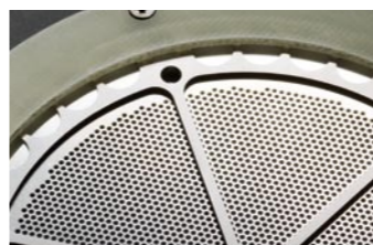
●新開発大型円形MLERサウンドユニット
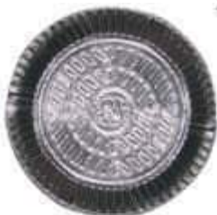
PRATO LAMINADO PLAC NR.5
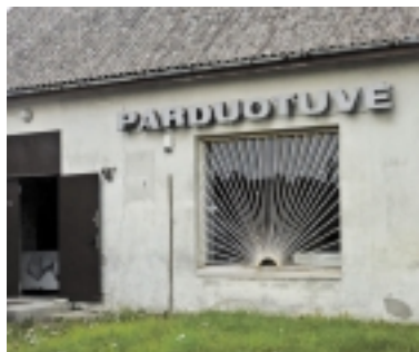
Ši parduotuvė Panemunėje jau daug metų nebeveikia – išlikusi tik sovietinių laikų reklama.
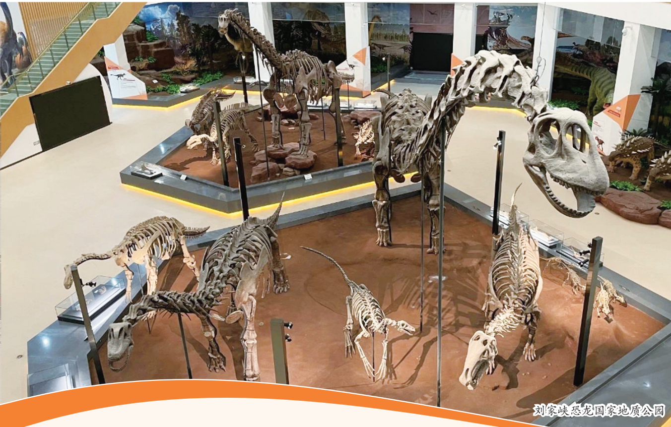
刘家峡恐龙国家地质公园

□ □ □ □ □ □ □

- _Directions_
Except for the pictures, please retype the listing above exactly.

- _Result of the exercise_
●新開発大型円形MLERサウンドユニット
PRATO LAMINADO PLAC NR.5
Ši parduotuvė Panemunėje jau daug metų nebeveikia – išlikusi tik sovietinių laikų reklama.
刘家峡恐龙国家地质公园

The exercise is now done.